My mini retreat

It's coming to an end for my 3rd week of internship. That makes 5 more to go. Not that long though. However I have lots of free time to spare after work and the weekends. 

Got my final results for years of studies in uni earlier this week. Not that trilled. Still having unfinished business that will quickly come to a close in a couple of days. My mind is so blank for that. Yet there are some other things that I began to notice. 

What I've done for the past 3 weeks in work really does test my attitude in doing a task or two. I'm trying not to complain bout what I am doing but it does challenge me mentally. Somebody gotta do that job anyhow. At least I've learn something in terms of dealing with people on the phone. Not doing any telemarketer job though. I realized that if speak with the person on the other end of the phone with courtesy and a happy tone even they greet me with a I-hate-my-job voice, they'll change their tone most of the time.
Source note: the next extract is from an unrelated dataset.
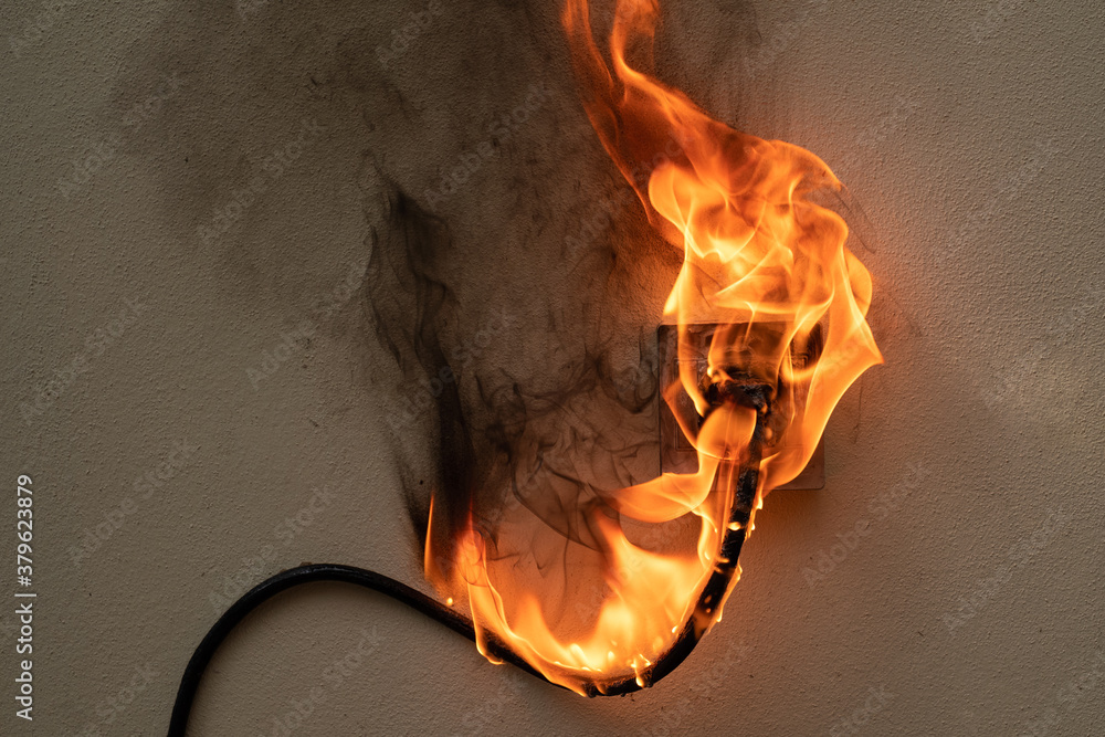 On fire electric wire plug Receptacle on the concrete wall exposed concrete background with copy space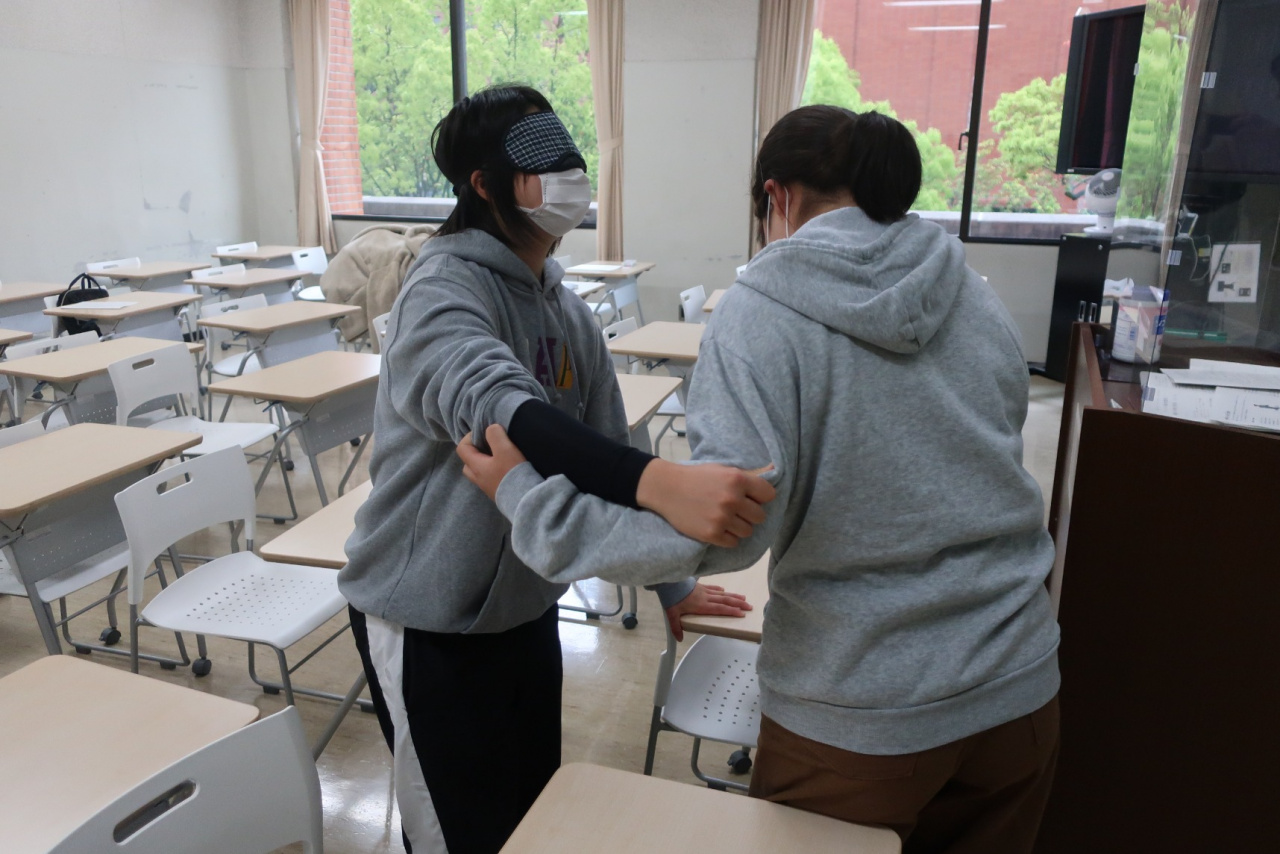 2023.05.19 【社会福祉学科】「視覚障がい者の理解と介護実技」の授業 社会福祉学科必修科目「ソーシャルワーク現場実習指導Ⅰ」の中で「視覚障がい者の理解と介護実技」の授業を実施しました。 手引する側と手引きされる側の両方を体験することで、視覚障がい者や手引きの仕方について学ぶだけでなく、介護される側の気持ちを少しでも理解するとともに、適切な配慮(人的、物的等)があれば障害があることによる不便を減らすことができることを体験的に理解することをねらいとしています。 授業の様子 授業の様子 授業の様子

There were some that was jolly and it's so refreshing to hear these one in a while when making more than 50 calls a day. Since I'm asking for a favour with those calls, I shouldn't be all you owe me this favour kinda attitude. I'm sure they will be more accommodating with a friendlier attitude. Well, I do. 

Moving on. Like I said I have lots of time on my side, somehow I'm getting slightly sensitive with details. Details such as people's voices and details even wen I watch a movie or drama. My mind starts to dissect each section of the movie when it goes to an analyzing mode. Then I realized that "hey, this point stands out a lot. Why didn't I realized before." Why does this not being applied in my academic situation? Maybe when it ends only I will get some enlightenment. Slow brain for academic but training it for the real world. 

So had been watching some old recycled movies lately to pass some time other than the weekend outings I had the last two weeks. Definitely sparked new ideas about life and how I should tweak some in mine and changing of perspective. I've been living in my own diva world for a little too long. Yet people still see me as if I'm living that diva world. Well, I don't have to justify myself to the world by my words. I may say one thing and do another, may be a hypocrite or look like one. I'm trying at least to be honest with myself. 

Definitely learning something new everyday even if I'm facing four walls all day. My future is hanging by a thread.